Each attachment seat 21 has a plurality of attachment holes 22,
which are used for securing the entire intake manifold 11 to a
cylinder block (not shown) of the engine with bolts (not
shown).
[0022] As described above, the lower half body 15A has the
connecting portions 18, and the upper half body 15B has the
connecting portions 20. Thus, when molding the lower half body 15A
and the upper half body 15B, it is possible to prevent deformation
and displacement from being caused at the proximal portions of the
inlet pipes 13 due to molding strains.
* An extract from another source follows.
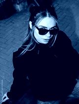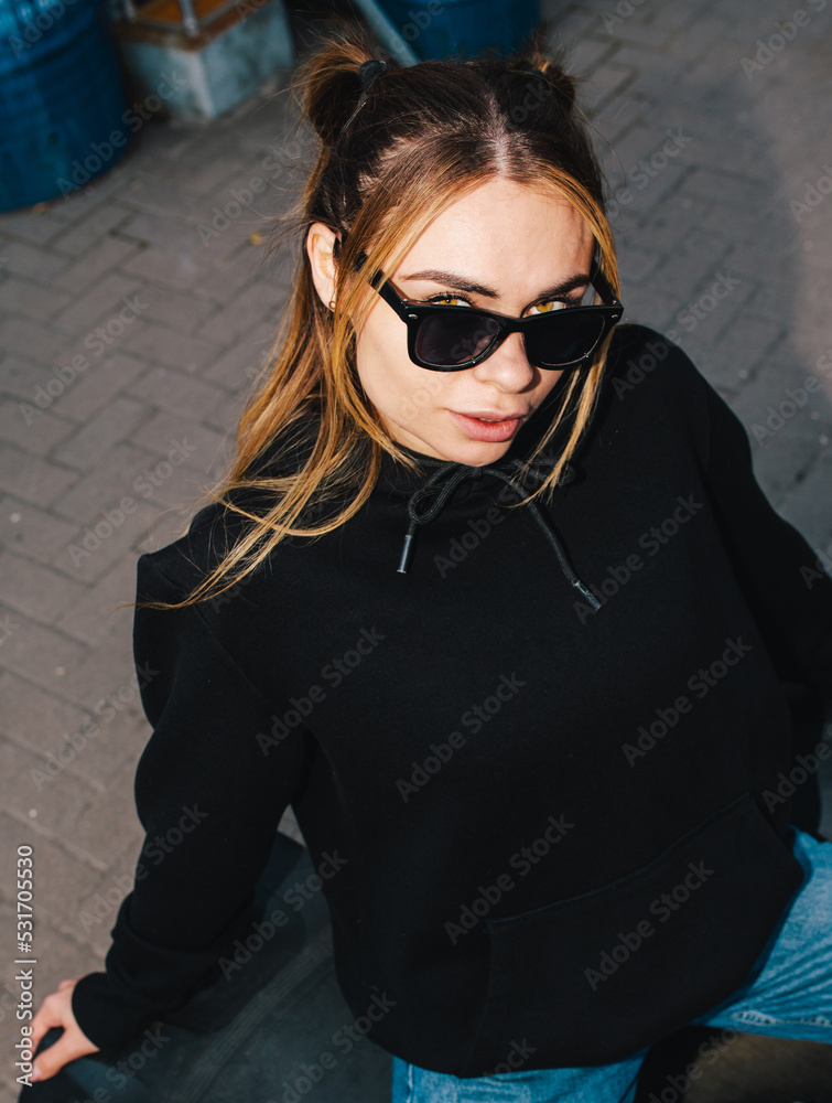 City portrait of beautiful young female wearing black blank hoodie and blue jeans with space for your logo or design. Mockup for print

Particularly, unlike the
lower half body 15A having the attachment seats 21, the upper half
body 15B of the intake manifold 11, which is indicated by lines
formed by a long dash alternating with two short dashes in FIG. 1,
has the inlet pipes 13 the distal ends of which are free ends.
Therefore, molding strains are likely to be generated in the inlet
pipes 13 of the upper half body 15B. In this regard, according to
the present embodiment, since the connecting portions 20 are each
provided between the proximal portions of one of the front-rear
adjacent pairs of inlet pipes 13, the generation of molding strains
in the inlet pipes 13 of the upper half body 15B is suppressed.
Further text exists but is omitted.